*** Supplied data ***

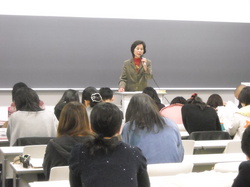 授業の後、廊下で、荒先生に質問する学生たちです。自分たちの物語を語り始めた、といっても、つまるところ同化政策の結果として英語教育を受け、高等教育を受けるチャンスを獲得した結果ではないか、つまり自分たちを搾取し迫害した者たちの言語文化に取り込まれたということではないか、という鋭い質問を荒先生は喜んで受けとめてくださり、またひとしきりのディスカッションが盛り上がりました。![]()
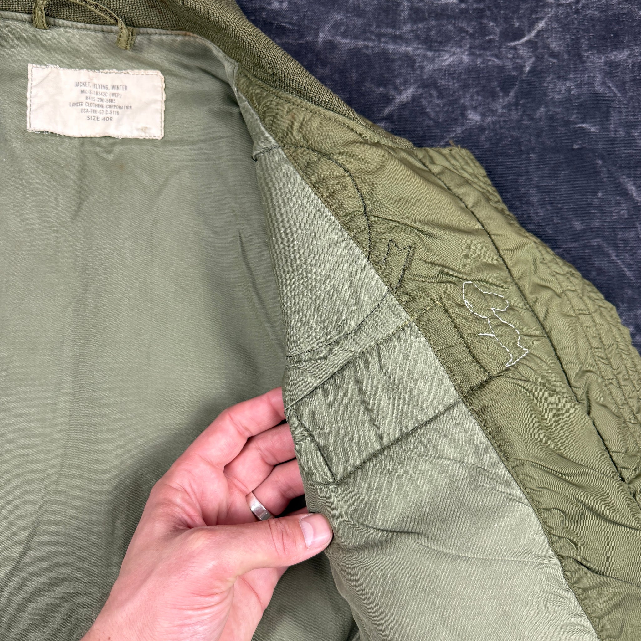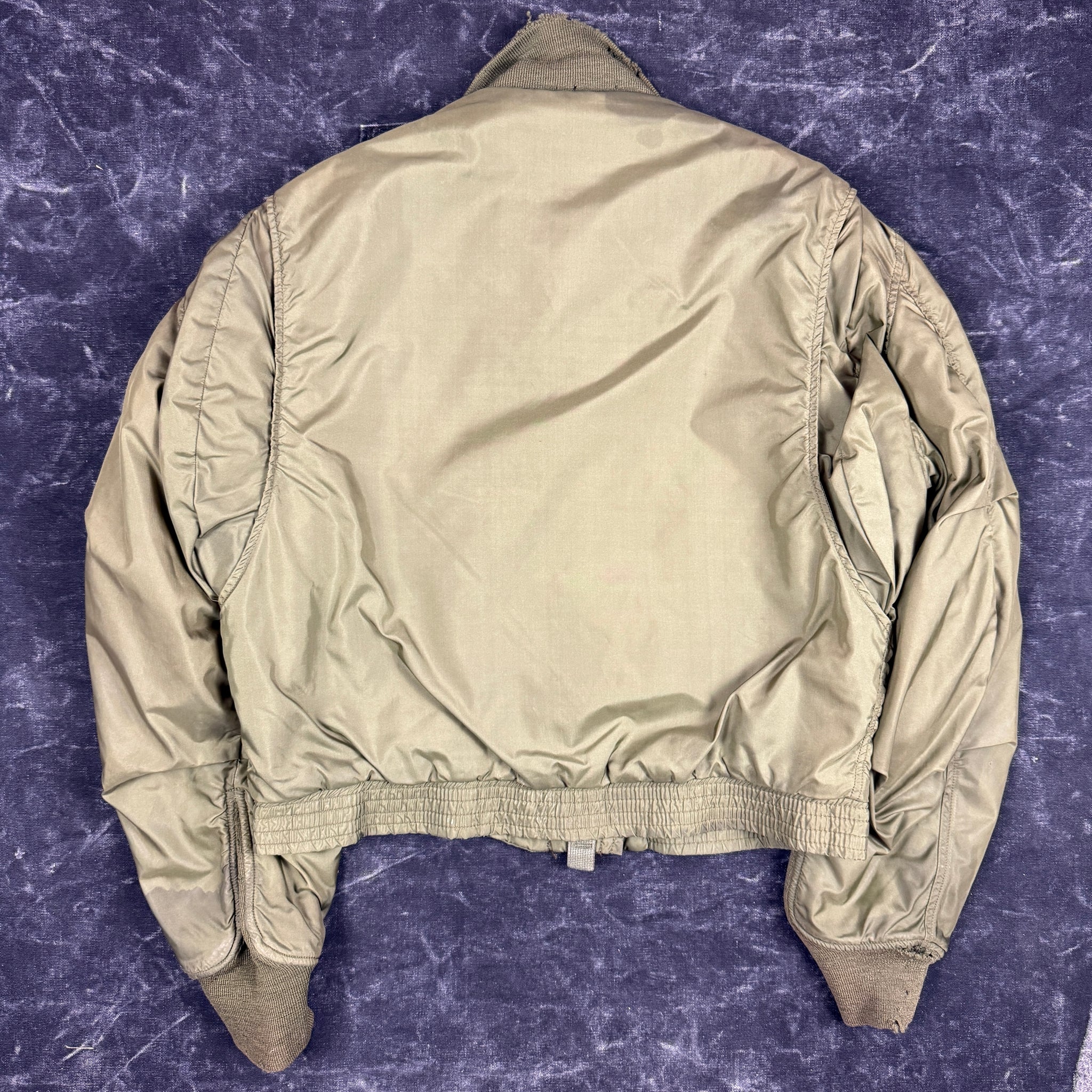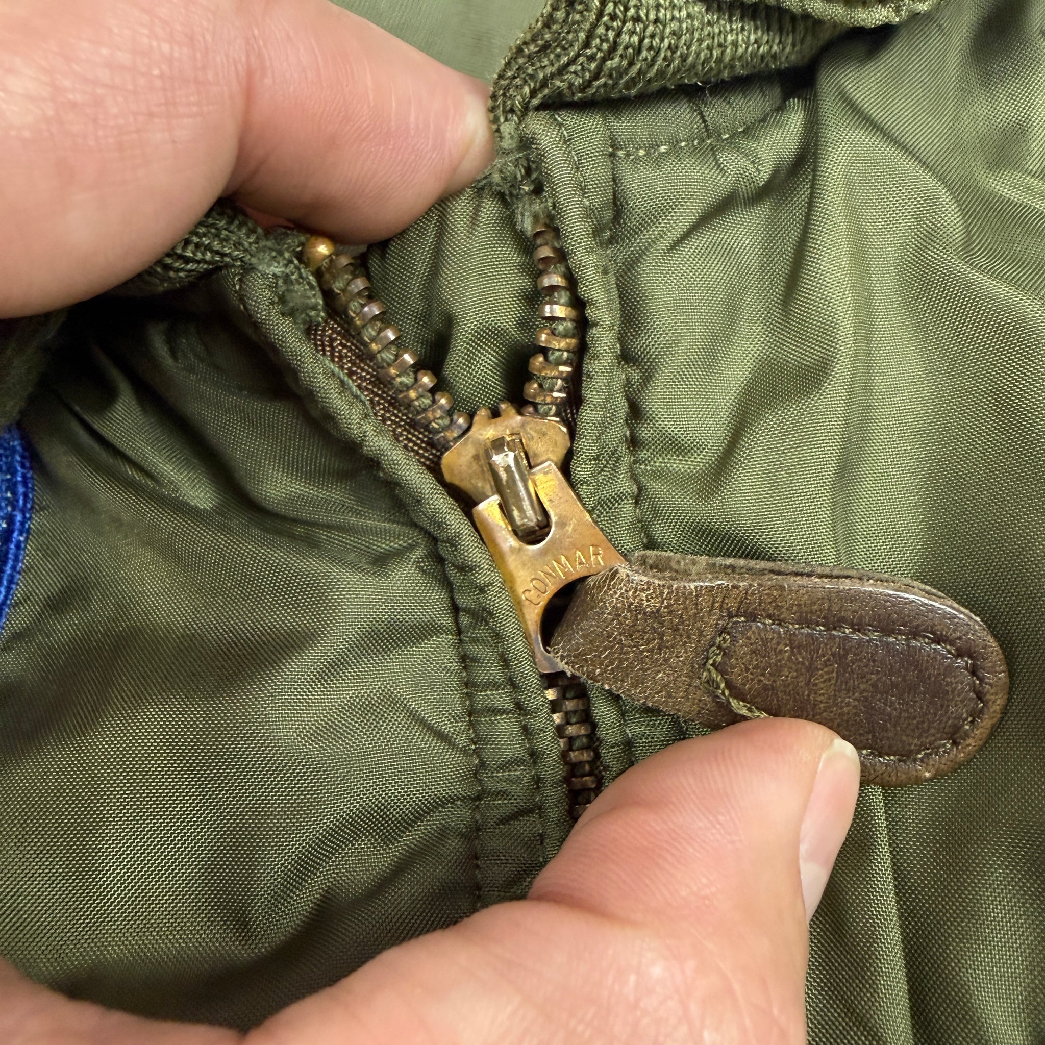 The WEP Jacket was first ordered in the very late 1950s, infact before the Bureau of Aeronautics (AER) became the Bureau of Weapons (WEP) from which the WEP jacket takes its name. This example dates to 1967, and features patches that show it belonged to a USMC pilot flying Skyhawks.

*** End of Supplied data ***
*** Supplied data ***

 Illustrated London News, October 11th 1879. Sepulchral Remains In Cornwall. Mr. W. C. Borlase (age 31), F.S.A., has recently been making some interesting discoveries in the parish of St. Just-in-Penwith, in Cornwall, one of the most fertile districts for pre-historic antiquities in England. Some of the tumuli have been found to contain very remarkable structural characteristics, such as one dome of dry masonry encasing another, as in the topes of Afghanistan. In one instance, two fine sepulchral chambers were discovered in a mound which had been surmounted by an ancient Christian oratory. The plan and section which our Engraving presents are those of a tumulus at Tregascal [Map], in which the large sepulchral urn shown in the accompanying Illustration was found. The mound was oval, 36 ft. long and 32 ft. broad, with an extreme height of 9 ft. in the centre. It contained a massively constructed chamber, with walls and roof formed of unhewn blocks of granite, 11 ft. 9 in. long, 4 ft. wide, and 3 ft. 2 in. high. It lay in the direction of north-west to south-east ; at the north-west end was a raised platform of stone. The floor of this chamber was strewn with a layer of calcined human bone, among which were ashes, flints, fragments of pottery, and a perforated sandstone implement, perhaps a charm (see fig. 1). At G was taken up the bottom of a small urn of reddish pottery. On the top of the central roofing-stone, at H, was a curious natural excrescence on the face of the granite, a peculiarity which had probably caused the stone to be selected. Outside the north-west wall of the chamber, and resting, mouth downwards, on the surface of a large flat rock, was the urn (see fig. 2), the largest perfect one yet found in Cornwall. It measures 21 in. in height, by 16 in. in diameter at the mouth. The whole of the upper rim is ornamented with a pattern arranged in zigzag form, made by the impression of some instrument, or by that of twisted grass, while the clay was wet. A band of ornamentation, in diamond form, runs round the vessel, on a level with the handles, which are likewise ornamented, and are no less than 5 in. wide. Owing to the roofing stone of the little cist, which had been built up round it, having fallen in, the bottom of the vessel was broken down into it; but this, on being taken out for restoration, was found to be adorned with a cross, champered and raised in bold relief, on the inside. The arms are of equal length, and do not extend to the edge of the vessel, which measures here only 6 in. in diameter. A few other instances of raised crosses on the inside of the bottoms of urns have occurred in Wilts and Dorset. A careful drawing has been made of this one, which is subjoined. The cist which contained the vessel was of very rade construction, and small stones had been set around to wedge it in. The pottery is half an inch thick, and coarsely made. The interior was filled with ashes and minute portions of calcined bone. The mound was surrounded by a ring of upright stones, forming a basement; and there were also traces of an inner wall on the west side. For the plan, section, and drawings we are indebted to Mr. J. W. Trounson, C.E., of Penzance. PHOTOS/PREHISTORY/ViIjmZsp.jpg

*** End of Supplied data ***
*** Supplied data ***

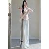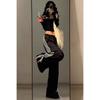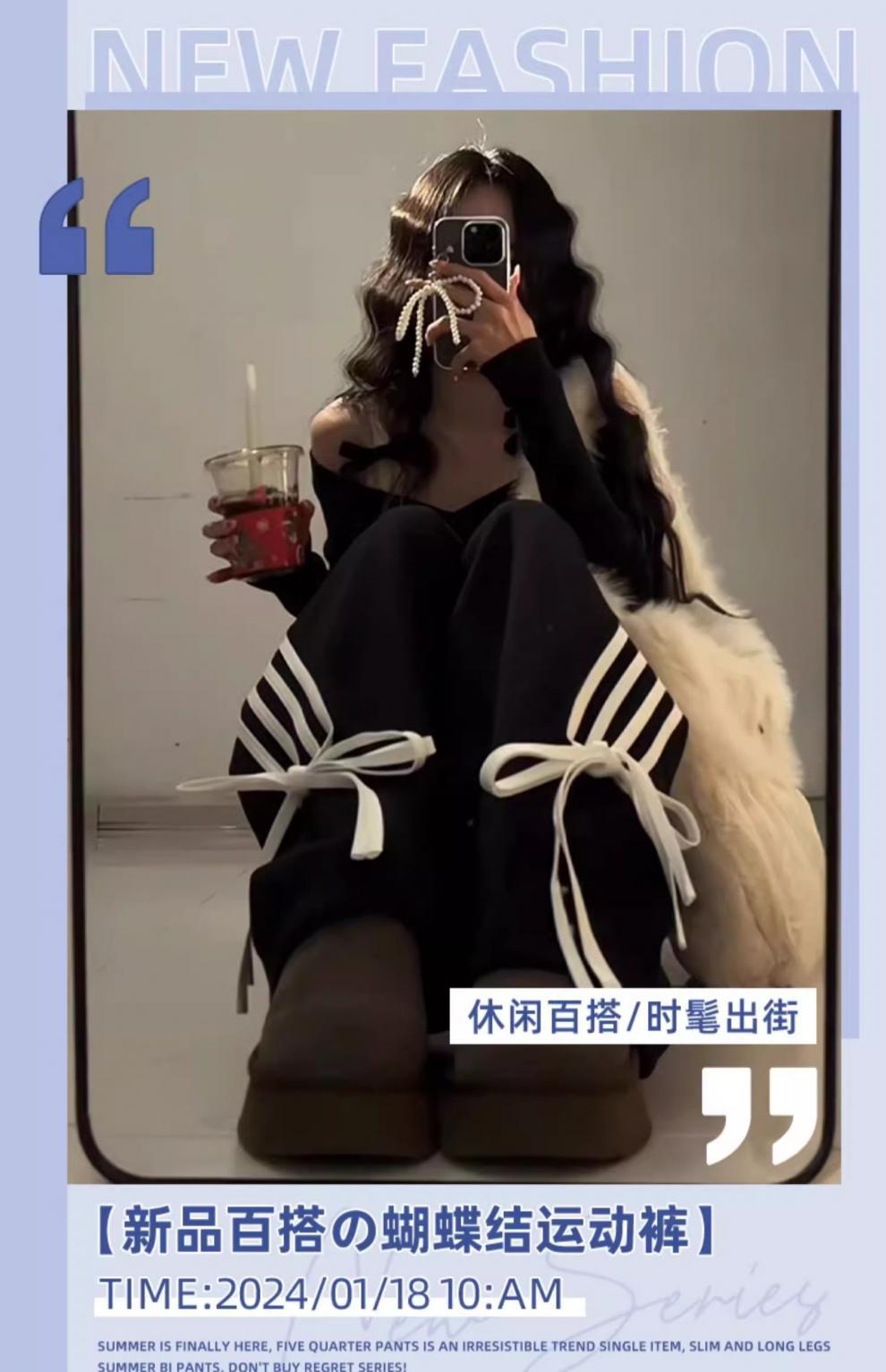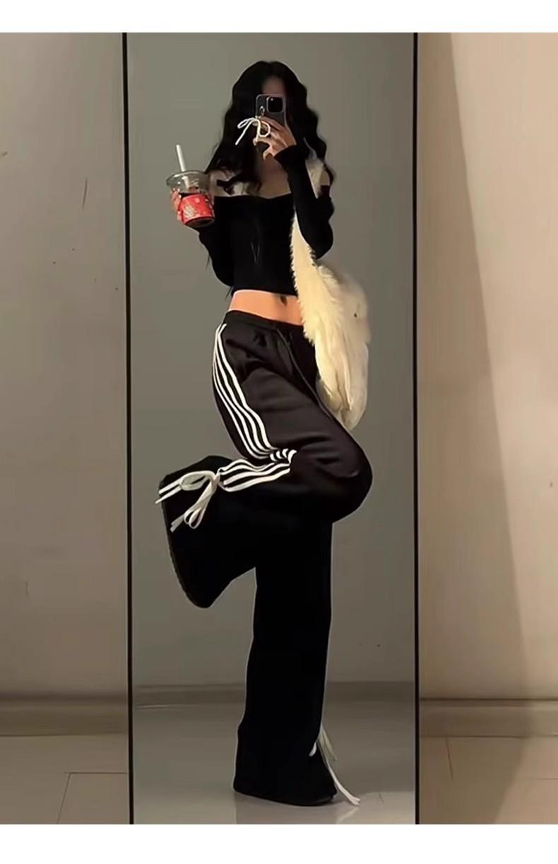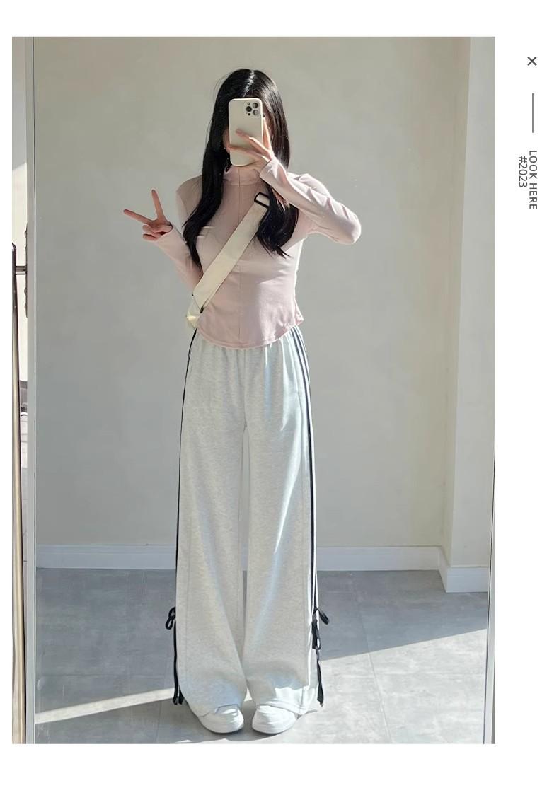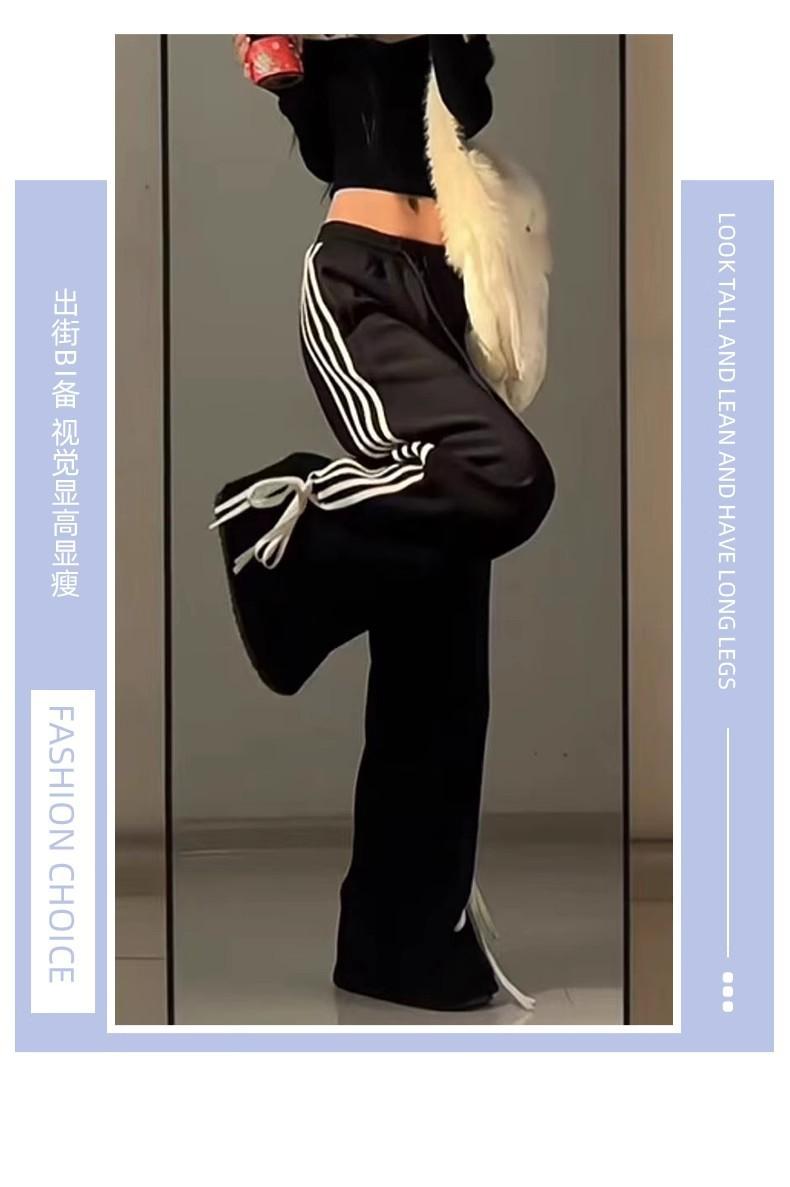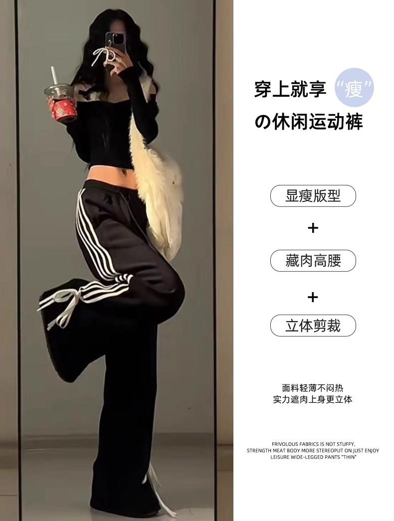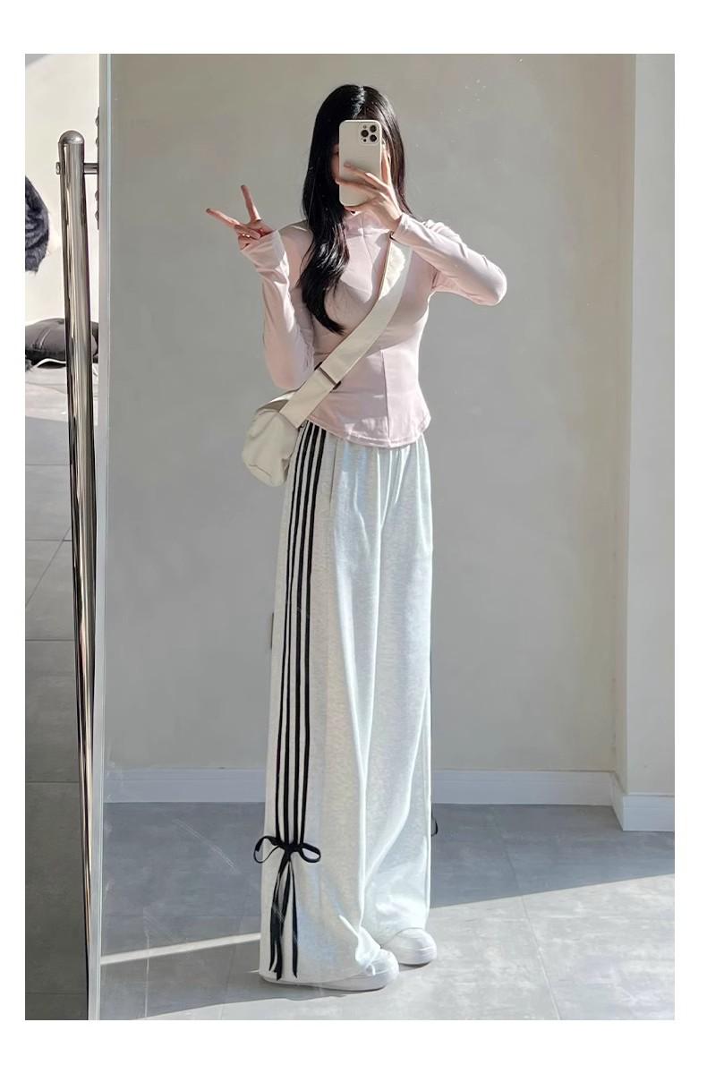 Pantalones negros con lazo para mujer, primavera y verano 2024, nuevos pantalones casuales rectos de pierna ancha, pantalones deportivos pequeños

*** End of Supplied data ***

Would you please reproduce the entries above, starting at the line with "授業の後、廊下で、荒先生に質" and stopping after the line with "The WEP Jacket was"? Omit any pictures.

 授業の後、廊下で、荒先生に質問する学生たちです。自分たちの物語を語り始めた、といっても、つまるところ同化政策の結果として英語教育を受け、高等教育を受けるチャンスを獲得した結果ではないか、つまり自分たちを搾取し迫害した者たちの言語文化に取り込まれたということではないか、という鋭い質問を荒先生は喜んで受けとめてくださり、またひとしきりのディスカッションが盛り上がりました。![]()
 The WEP Jacket was first ordered in the very late 1950s, infact before the Bureau of Aeronautics (AER) became the Bureau of Weapons (WEP) from which the WEP jacket takes its name. This example dates to 1967, and features patches that show it belonged to a USMC pilot flying Skyhawks.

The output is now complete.